L'intervento

20 giu 2026
Ospedale

"Rete Donne – Se Non Ora, Quando?" sulla rimozione del manifesto pro-vita: "Un ospedale non è un luogo di propaganda ma uno spazio neutro e laico"

Ci dispiace constatare che i diritti delle Donne sono così poco centrali nella visione della politica da trovare attacchi trasversali da parte di esponenti di diverse forze politiche.

Vorremmo esporre il nostro punto di vista.

Un ospedale non è un luogo di propaganda.

Un presidio sanitario pubblico è uno spazio neutro, laico e inclusivo. Chiunque vi entri — indipendentemente dalle proprie convinzioni religiose, morali o politiche — deve sentirsi accolto e rispettato.

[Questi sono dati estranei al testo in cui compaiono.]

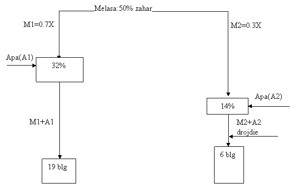 Pregatirea melasei cuprinde operatiile de diluare cu apa, neutralizare si acidulare, adaugare de saruri nutritive, limperizire si sterilizare (pasteurizare). Plamada principala se dilueaza pana la 30-34% extract, iar plamada de drojdie pana la 12-16 % extract.Cele doua plamezi pot avea si aceeasi concentratie in extract de 23 %.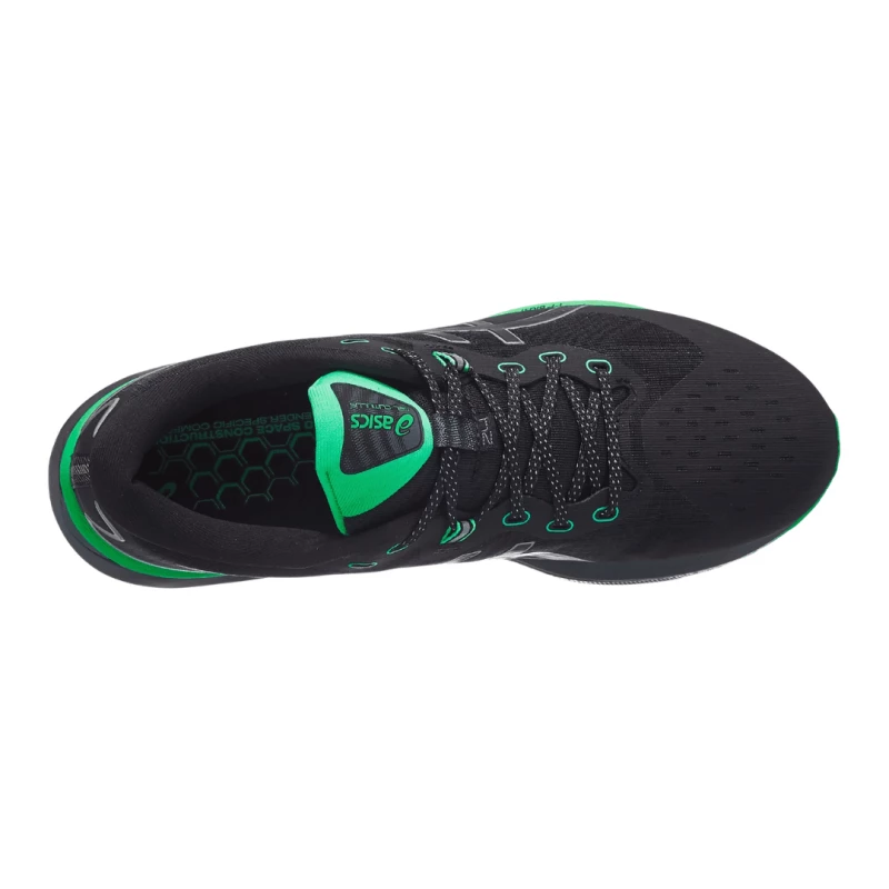 Mediasuela y suela exterior configuradas, con su espacio longitudinal mueve el centro de masa contribuyendo a la reducción de la pérdida de energía en cada zancada.

Un manifesto e un messaggio ideologicamente orientato davanti all'ingresso di una struttura ospedaliera trasforma un luogo di cura in un luogo di giudizio. E questo è inaccettabile.

La tutela della salute riproduttiva è un diritto.

L'interruzione volontaria di gravidanza è un diritto sancito dalla legge 194 del 1978, confermato da decenni di giurisprudenza e di dibattito democratico.

Le persone che accedono a questo servizio non devono essere messe pubblicamente sotto accusa per la loro scelta.

Un manifesto come quello giustamente rimosso dopo le segnalazioni e l'intervento del Sindaco non informa: condiziona, colpevolizza, intimidisce.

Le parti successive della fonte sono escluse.